A 4-square corridor: A·B·C cost −1 per step, D = dock (goal, value 0). Press Sweep to update all values once; the arrow under each square is the move those values now prefer. Press Run to convergence to fast-forward. Notice: it takes exactly as many sweeps as the corridor is long for the goal's "pull" to reach square A.
Two things to carry forward. First, the values did not appear all at once — the goal's influence crept backward, one square per sweep, because each square can only see one step ahead per update. Second, once the numbers stopped changing, the arrows pointed the right way everywhere. The optimal policy fell out of the values for free. That is the whole game.
Before we can say how good a square is, we need a single number that scores an entire future. That number is the return: the total reward the robot will collect from now on. We met it in Lecture 1; here we sharpen it, because it is the thing every value is an average of.
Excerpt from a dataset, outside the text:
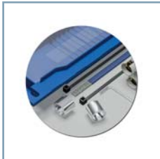
Cable retention clamp & spring coil for SWA Cables

Write the rewards the robot receives, step by step, as r at time 1, r at time 2, and so on. The naive return is just their sum. But for an infinite-horizon problem — a robot that lives forever — that sum can blow up to infinity, and "infinity vs. infinity" tells you nothing about which behavior is better. The fix is the discount factor γ (gamma), a number between 0 and 1:
Read it slowly. Gt is the return measured from time t. A reward one step away counts at full value; a reward two steps away is multiplied by γ; three steps away by γ²; and so on. The further into the future a reward sits, the more it shrinks.
Why discount at all? Two reasons, and you should hold both.
Let's nail the recursion with a number. The corridor pays −1 per step and 0 at the dock. Starting at square A under "always go right," the rewards are −1, −1, −1, then 0 forever. With γ = 0.9:
Hold onto that −2.71. It is the exact value of square A under the always-right policy, and we will rederive it three different ways in the chapters ahead — by the Bellman recursion, by iterative policy evaluation, and by value iteration — getting −2.71 every time. When three roads lead to the same number, you know you understand it.
The bars are the discount weights γk for steps 0, 1, 2, … — how much a reward k steps away counts now. Slide γ: near 1 the future stays loud (a far-sighted robot); near 0 only the next step survives (a myopic one). The label shows the return of the corridor under "always right" at this γ.
The return is a property of a single rolled-out future. But futures are random — the world transitions stochastically, the policy may pick actions stochastically. What we want is the expected return: the average over all the futures a given starting point could produce. That average has a name, two of them in fact, and the difference between them is one of the most useful distinctions in all of RL.
The state-value function, written Vπ(s), is the expected return if you start in state s and then follow policy π forever. In words: "how good is it to be in this square, assuming I'll behave according to this plan from here on?" It is a single number per state — in our corridor, one number for each of A, B, C, D.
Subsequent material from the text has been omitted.